→ **Activity**
Copy every line of the data exactly, keeping out any picture.

→ **The data**
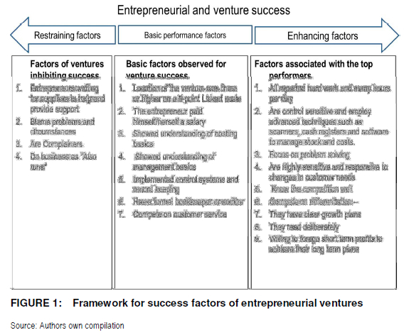 Therefore, the researchers found insufficient support for the proposition that the subjects could identify the contributing factors. However, interpretation of the subject responses identified three categories of factors as shown in Figure 1 were associated with the most successful ventures and entrepreneurs as well as for the least and medium performance ventures.
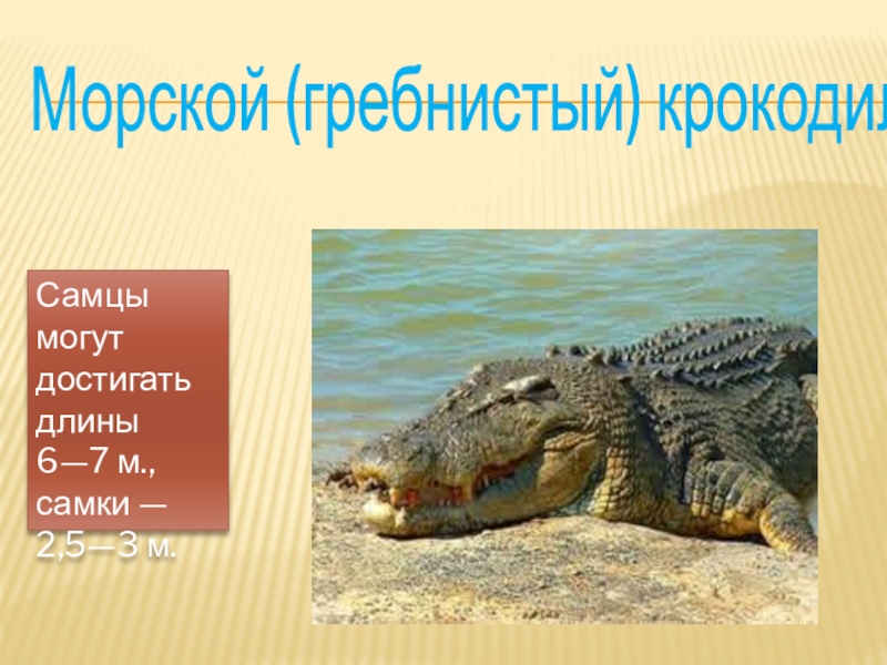 Морской (гребнистый) крокодилСамцы могут достигать длины 6—7 м., самки — 2,5—3 м.
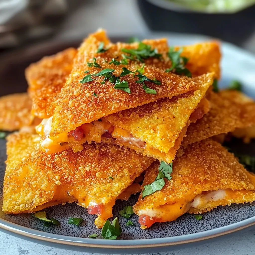 Proudly present your Fried Cheese Stuffed Doritos on a colorful platter adorned with fresh herbs like parsley or cilantro for added flair. Serve them alongside dipping sauces such as spicy salsa or creamy ranch dressing to elevate their taste profile further. Consider using small paper cups or cones filled with these treats for a fun street-food vibe at your next gathering!
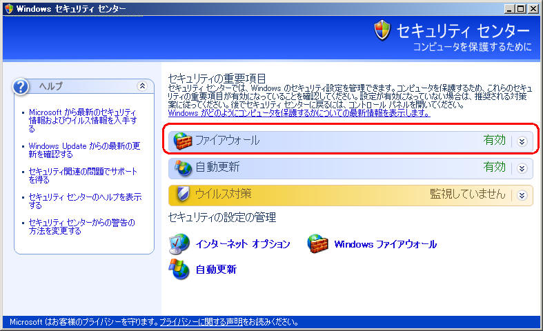 セキュリティセンターのファイアウォールが有効になっている可能性がある

→ **Result for this exercise**
 Therefore, the researchers found insufficient support for the proposition that the subjects could identify the contributing factors. However, interpretation of the subject responses identified three categories of factors as shown in Figure 1 were associated with the most successful ventures and entrepreneurs as well as for the least and medium performance ventures.
 Морской (гребнистый) крокодилСамцы могут достигать длины 6—7 м., самки — 2,5—3 м.
 Proudly present your Fried Cheese Stuffed Doritos on a colorful platter adorned with fresh herbs like parsley or cilantro for added flair. Serve them alongside dipping sauces such as spicy salsa or creamy ranch dressing to elevate their taste profile further. Consider using small paper cups or cones filled with these treats for a fun street-food vibe at your next gathering!
 セキュリティセンターのファイアウォールが有効になっている可能性がある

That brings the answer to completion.